K: Reflecting on your impact with “Black Girl From Eugene” and Nurturing BLACK, is there any advice or parting thoughts you have?
A: Just have a conversation that actually involves your personal, lived experience and your personal opinions and biases around racism before you try to create the space, right? It’s very important that you are not only convinced yourself that it’s the right thing to do, but that it’s something that’s important for your life personally — and that you’re not doing it for something else, not for someone else, but for something else because a culture is what we’re trying to create, right? An antiracist culture, which means you got to buy in. You [have] to be able to say ‘I’m willing to be uncomfortable,’ and ‘I’m willing to decenter whiteness so that access and resources can be a complete global circumstance.’ That part, if you’re not having those conversations, come see me, and we can totally do that.”

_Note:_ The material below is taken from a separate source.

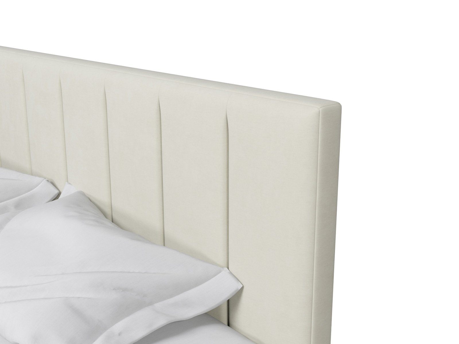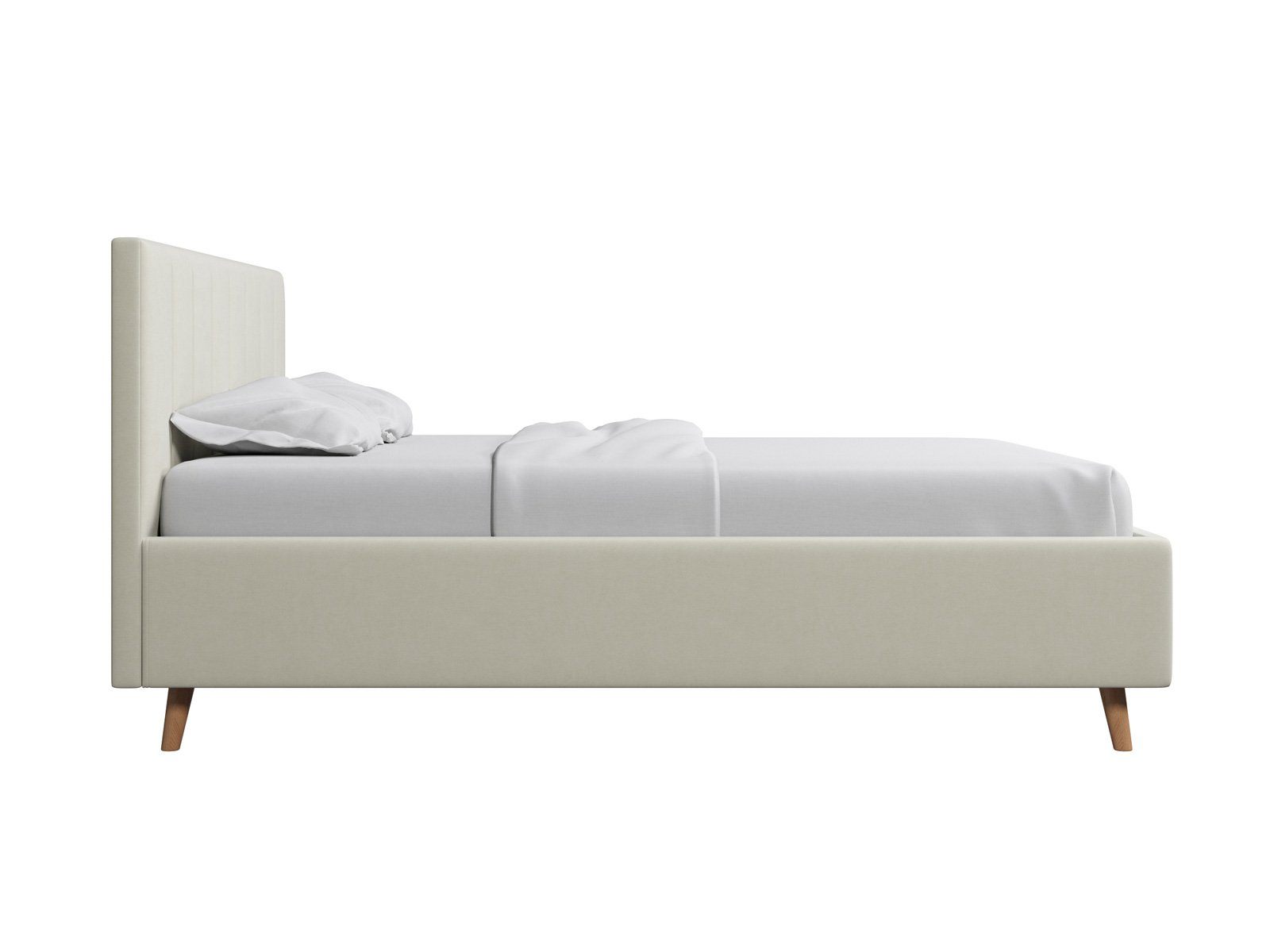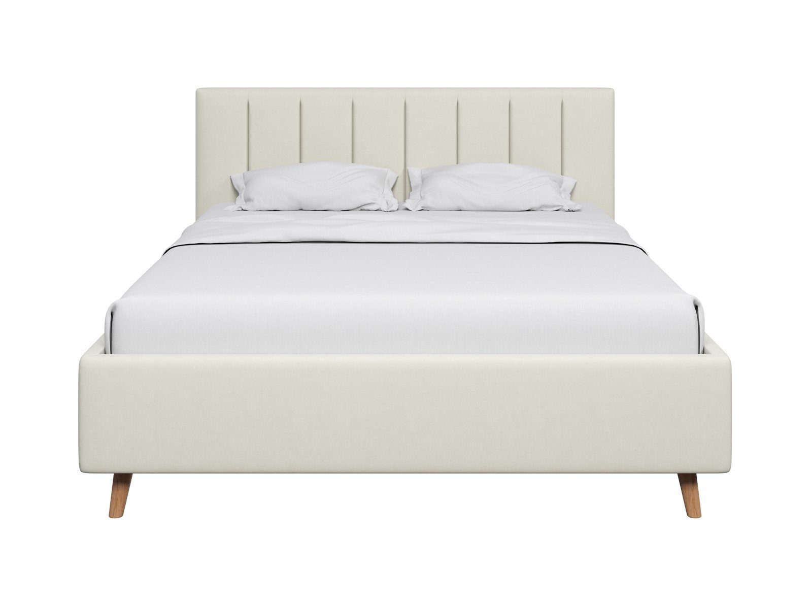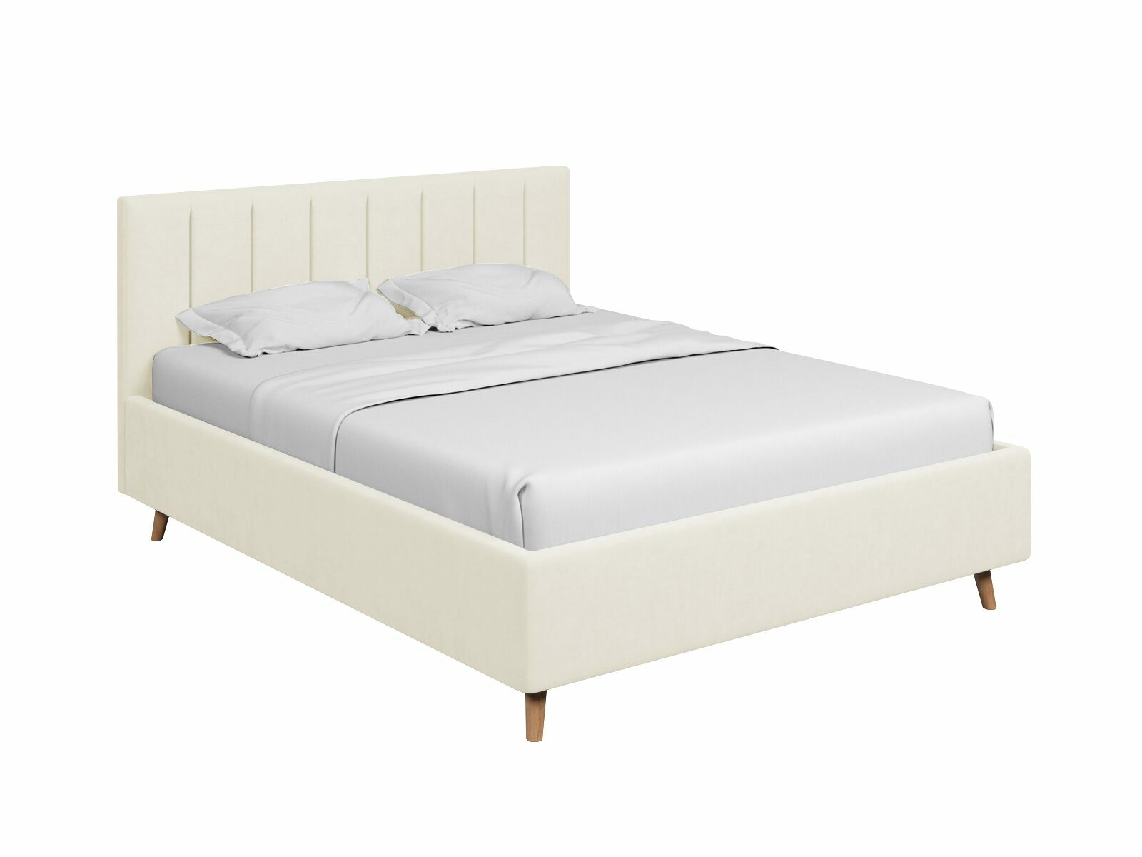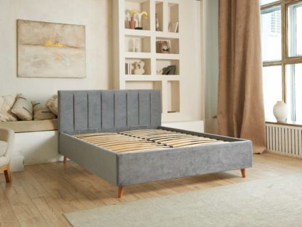 Кровать Амадора получила лёгкий и элегантный дизайн. Изголовье с мягкими вертикальными секциями украсит любую спальню и добавит уюта месту отдыха. Изящные наклонные ножки из дерева визуально облегчают конструкцию и обеспечивают просвет над полом, где легко пройдёт робот-пылесос.

Programs such as Nurturing BLACK, Kids For The Culture and the Black Girl From Eugene podcast offer a space to learn, improve and act. Cassi Chambers, Elliott’s friend and hairstylist, is involved in Nurturing BLACK with her son.
“She reminded me that this is not something that I can lead him in — because I can’t,” Chambers says. “And so, this is something he leads me through. I think everybody should take at least one class from her because if you take one, you’ll take two.”
Emily Little, the founder and executive director of Nurturely, also works alongside Elliott in providing classes and resources for children and their caregivers.
“Her energy is just so approachable and just so positive and so infectious in, you know, her passion for this work that for me and for the Nurturely team, I think that is what really makes her work come alive,” Little says. “And you know, she’s not sugarcoating it. She makes it approachable and accessible, but she’s not sugarcoating it.”
One of Elliott’s biggest motivators to continue her work is vulnerability. “It’s incredibly important to be radically vulnerable and radically honest,” Elliott says. To her, radical vulnerability and honesty are what make us human.